My recommendation is that it's not a book worth having in a personal bookcase, but it may be worth borrowing it from a library.
8 of 9 people found the following review helpful
5.0 out of 5 stars Helpful reference book 28 Jun 2003
By RagingCoconut - Published on
In the realm of scientific research, technical writing skills are necessary for effective communication of ideas and results. This book is not the typical "how-to" guide to technical writing and grammar for the novice. Instead, it is a practical book packed with useful insights from an experienced scientific writer. The numerous examples of writing styles and graphics are clear and well-illustrated. Each chapter addresses important concepts in fundamental areas, such as proposal preparation, manuscript revision, and oral presentation. This is the sort of book to buy and keep as a reference as the need arises.
7 of 8 people found the following review helpful
5.0 out of 5 stars A Call for Elegance 3 Aug 2004
By Bukkene Bruse - Published on
Format:Paperback|Verified Purchase
Montgomery's guide deals primarily with higher level issues in science writing, at least in the first sections. However, he does follow his own advice in going from the general to the specific when he discusses particular forms of science writing, the use of graphics, and oral presentations. Montgomery has useful things to say at every turn, but I found the core strength of the book to be how he solidly and clearly gets across the idea that "true elegance in science resides in simplicity and restraint." Much of the higher level discussion deals with writing well (proficient functional communication) versus writing very well (creatively, within the constraint of restraint). Montgomery stresses the importance of reading well to writing well, and gives suggestions on how to become a better critical reader. Be forewarned: this guide does not deal with grammar, syntax or style.

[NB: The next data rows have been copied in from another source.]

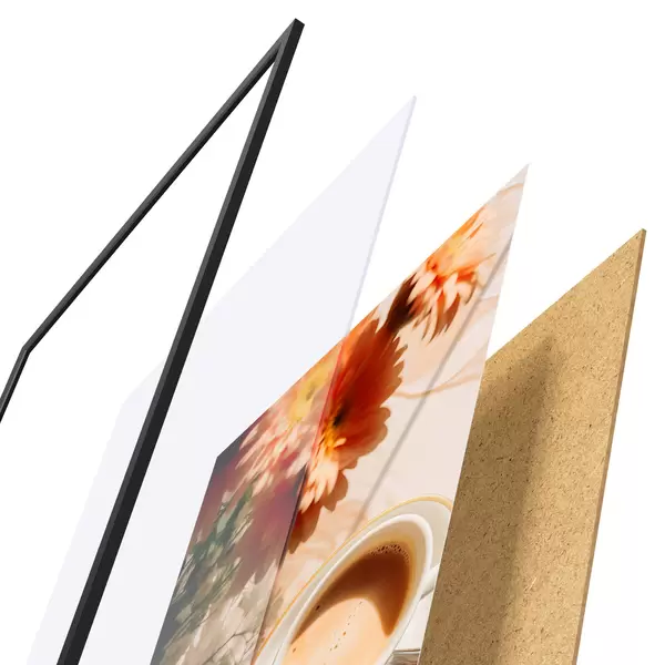 El póster consta de marco, plexiglás, imagen impresa y soporte de aglomerado. El póster puede colgarse inmediatamente en la pared gracias a los soportes de la parte posterior.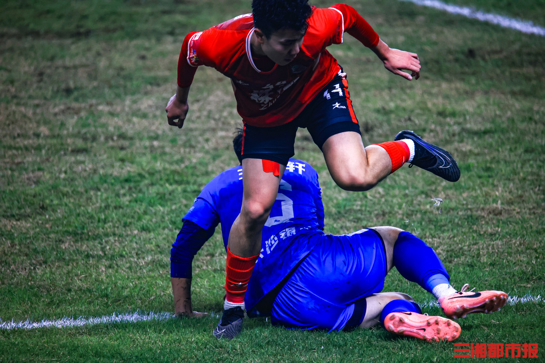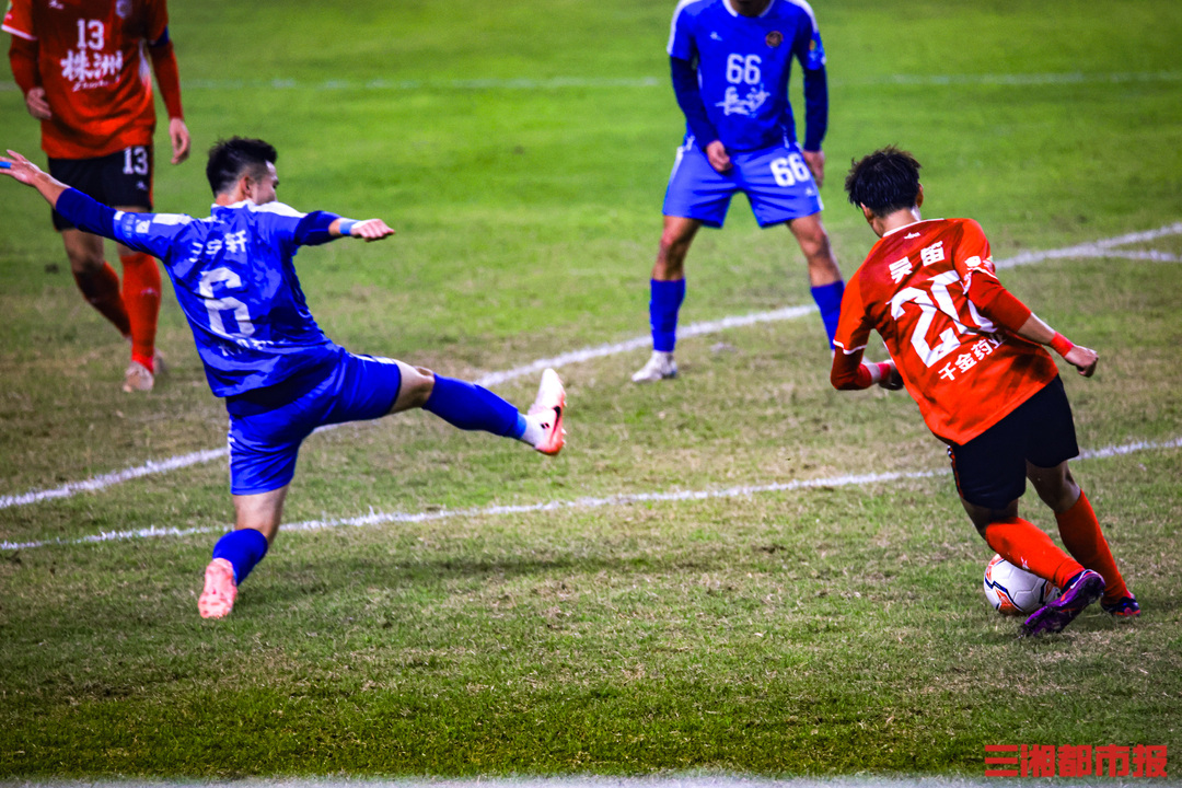 11月1日,2025湘超比赛现场,株洲队大战长沙队。两队攻防激烈,现场火爆。(刘丰 叶竹 陈普庄 杨洁规 摄)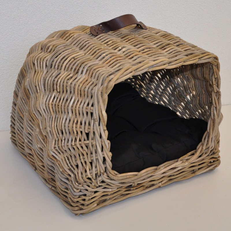 Pelech pre mačky je vyrobený z prírodného ratanu kubu v prírodnej sivej farbe. | Krásny a pevný pelech pre vášho domáceho miláčika. Farba ratanovej konštrukcie je prírodná sivá. Celková veľkosť je 50 x 53 x 40 cm. Veľkosť vstupného otvoru je 30x28 cm. Veľkosť vnútorného vankúša je 46x46 cm.

I read this book because I am an applied mathematician who needs to communicate results to biologists. While writing mathematics is not explicitly covered in this book, and there are major difference between scientific writing and mathematics writing, I do believe the major tenets of this guide will be useful to applied mathematicians of most any stripe.
3 of 3 people found the following review helpful
5.0 out of 5 stars For the advanced writer looking to take it to the next level 18 Feb 2008
By Dr. Yasmin Lucero - Published on
This is a book for experienced scientist/writers interested in becoming excellent scientist/writers. For this, the author prescribes a rigorous course of critical reading, selection of writing models, and imitation. It offers little in the way of practical suggestions for the beginner, almost nothing on basic style and syntax, and nothing on how to stay motivated through the long slog of the Ph.D. thesis. (For these purposes, let me suggest "10 Lessons in Style, Clarity and Grace" by Williams, "The Elements of Style" by Strunk and White, or "How to Write A Lot" by Silva)

However, Montgomery discusses intelligently the distinct "scientific voice." He has insightful things to say about each of the various forms of scientific writing. I particularly appreciated his discussion of review articles; he pointed out that reviews can be organized around experimental results, theoretical concepts, the history of a field or method, among other things. This discussion helped me refine my thinking enough to write a solid outline for a current review project of mine.

Although his official prescription for becoming an excellent writer may require more commitment than many are willing to make, there is still much insight here for scientists seeking to improve upon their functional, but basic, writing skills.
3 of 4 people found the following review helpful
3.0 out of 5 stars Too broad 16 Jun 2006
By Miro - Published on
The book is good to get an overall idea of the scientific writing. However, it lacks more specific and usable strategies, advices and tips for the scientific writing process.

For general writing strategies I would reccomend "Writing FAST" by Jeff Bollow. It helped me a lot in writing my PhD thesis in EE.